Lastly, and proabably the most important- no arab leader or muslim leader wants to be the next sadat, Bashir Gameyel or Abdullah I of Jordan for the mere attempt at some normalization with Israel, or the fear of the repeat of the 1979 islamic revolution that saw the pro-Israeli shah of Iran overthrown in favor of the Pan-Islamist, apocalyptic twelver shia Ayatollah Khomeini, that saw it his duty to export Islamic revolution across the region to Sunni states.

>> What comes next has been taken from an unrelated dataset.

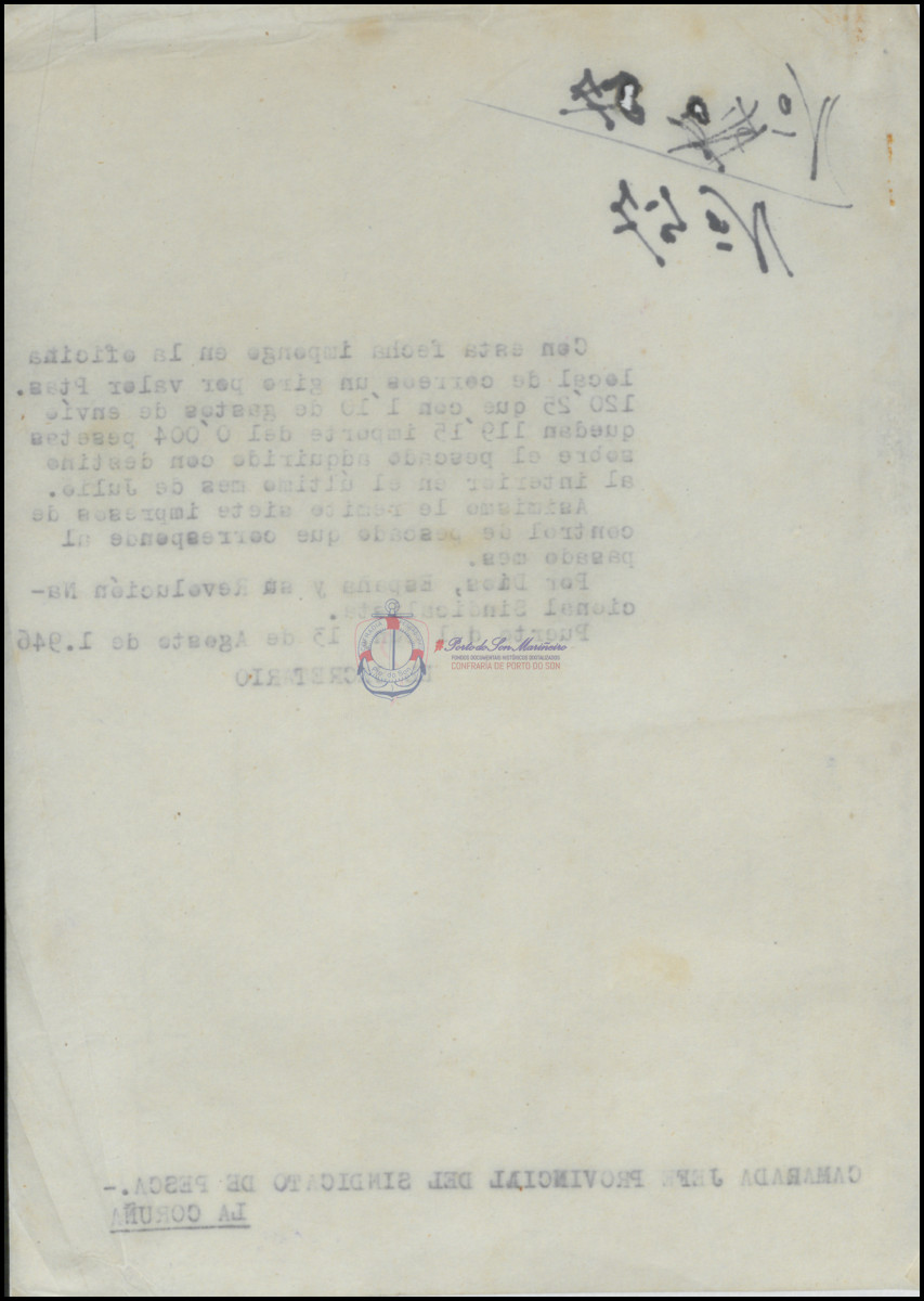 Confraría de Pescadores "San Telmo" de Porto do Son. Sindicato Provincial da Pesca.

In no way as pragmatic, young open minded with his economic liberalizing ,,or rational as some of his domestic liberalization (ie -loosening the rules for certain wealthy types on alcohol sales, and private consumption, entertainment venues where both men and women attend without issues, allowing women the right to drive, reforming the education circulmn textbooks to a degree , while other religions are still illegal in the kingdom , there a wink and nod to atleast allow worshipping in private homes, as well as limiting the powers of the relgious police in private lives of citizens, etc) can mbs ever even entertain the thought of normalization relations with Israel (without serious concessions on Muslim rule over the temple mount the arab peace inatative recognizing a Palestinan state within the 1967 borders (with east jerusalem as a capital), a freeze on settlements l, settlement expansion , settlement constructions, some concessions on exiting syrian and Lebanese soil, etc.) least mbs risks his life , and the rival royal family members, the saudi wing of the Muslim Brotherhood, or pissed off Whabbists (already angry that he disempowered their stasus), then would plot and seek to kill him and destabilize the kingdom, and broader region for entering normalization with Israel, without regards for Palestine, Temole Mount, East Jerusalem, Syrian territory, Lebanese territory.

So for now I suspect a no normalization, no war policy and some back channel talks to de-esclate when intreasts clash, while aligning with Turkey, Qatar, Egypt , Pakistan, and Somolia and the SAF in Sudan in the meantime.